Supreme Court, Appellate Division, Fourth Department, New York
16-01929, 832
July 7, 2017
CITE TITLE AS: Lobello v New York Cent. Mut. Fire Ins. Co.
Costello, Cooney & Fearon, PLLC, Camillus (Megan E. Grimsley of counsel), for plaintiff-appellant.
Law Office of Keith D. Miller, Liverpool (Keith D. Miller of counsel), for defendant-respondent.
Appeal from an order of the Supreme Court, Oswego County (Norman W. Seiter, Jr., J.), entered December 21, 2015. The order, inter alia, granted in part the cross motion of defendant for summary judgment.

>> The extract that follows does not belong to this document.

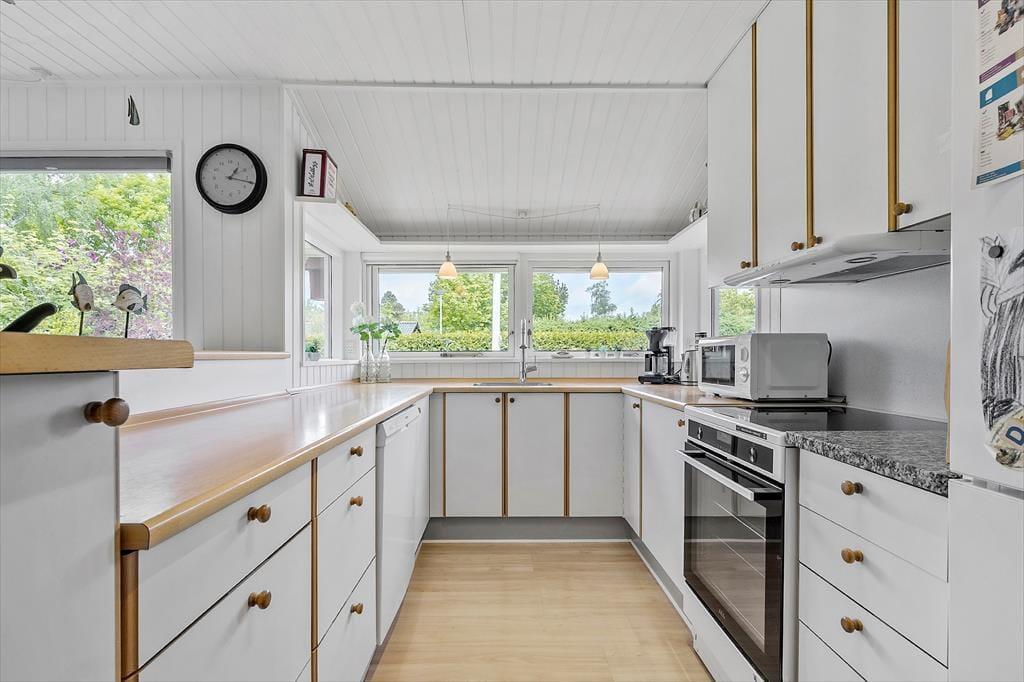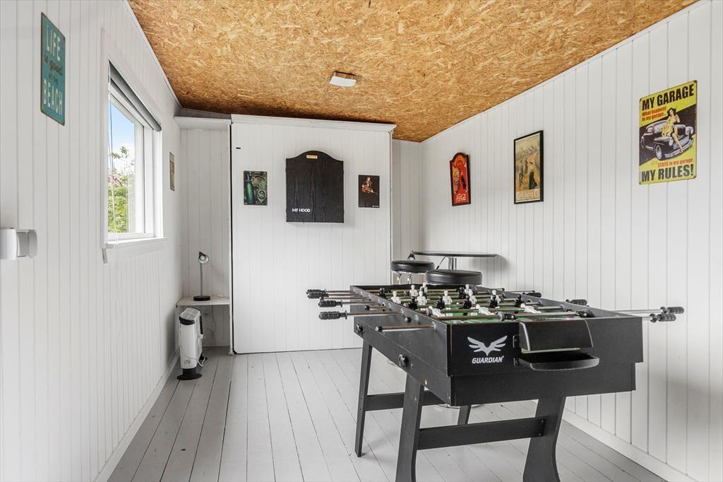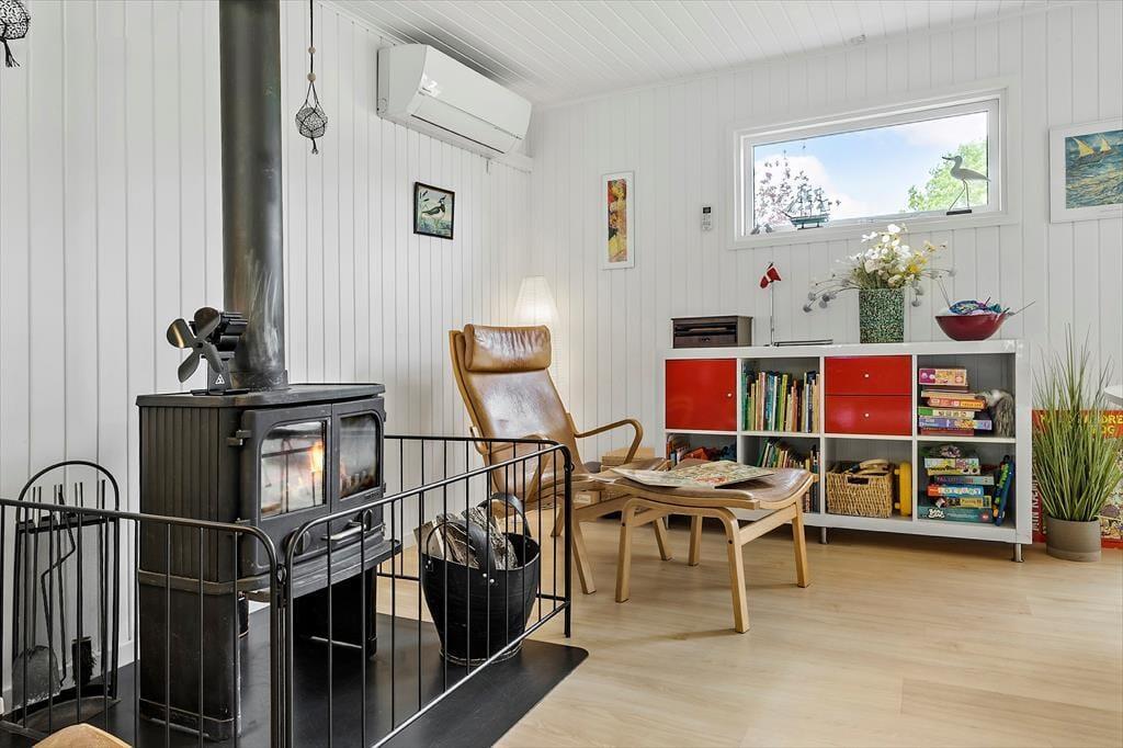Nær en af Jyllands allerbedste badestrande finder du dette hyggelige og velindrettede sommerhus – et perfekt sted til en afslappende ferie med dem, du holder af. Huset byder på en lys og indbydende stue, hvor komfortable møbler, en knitrende brændeovn og en varmepumpe skaber den helt rette atmosfære. Her kan du læne dig tilbage med en god bog eller samle familien til hyggelige stunder. I åben forbindelse med stuen ligger det flotte køkken, der er udstyret med alle de faciliteter, du har brug for – herunder en opvaskemaskine, der gør livet lidt lettere. Huset har to badeværelser, og det ene er ekstra luksuriøst med et badekar, der indbyder til afslapning efter en dag fuld af aktiviteter. Når det er tid til at finde ro, venter fire gode værelser på dig. Tre af værelserne har dobbeltsenge, mens det fjerde byder på en god, dobbelt sovesofa – ideel til overnattende gæster eller teenagere, der vil have deres eget hjørne. De mindste feriegæster er heller ikke glemt, for huset er udstyret med barneseng og høj stol. Og til de lidt større børn – og barnlige sjæle – er der et renoveret haveskur med både bordfodbold og dart, hvor familien kan dyste om titlen som feriechampion.

It is hereby ordered that the order so appealed from is unanimously modified on the law by granting that part of plaintiff's motion seeking to dismiss defendant's affirmative defense of expiration of the two-year limitations period set forth in the policy, denying defendant's cross motion in its entirety and reinstating the complaint with respect to the loss of September 24, 2009 and granting that part of plaintiff's motion to compel defendant to produce unredacted claim notes for the September 24, 2009 claim through the date of the denial letters, September 30, 2011, and as modified the order is affirmed without costs. *1207
Memorandum: Plaintiff's residence, which was insured by a homeowner's insurance policy issued by defendant, was burglarized on September 24, 2009 (2009 loss) and again on June 6, 2010 (2010 loss). After each theft, plaintiff filed a claim with defendant seeking coverage for the loss, and defendant disclaimed coverage for both losses on September 30, 2011. Plaintiff thereafter commenced this action, alleging that defendant had breached the terms of the insurance policy and seeking a declaration that the insurance policy issued by defendant provided coverage for the subject losses. Defendant moved to dismiss the complaint and appealed from an order insofar as it denied that part of the motion seeking dismissal of the first cause of action, for a declaratory judgment. We affirmed (Lobello v New York Cent. Mut. Fire Ins. Co., 112 AD3d 1287 [2013]).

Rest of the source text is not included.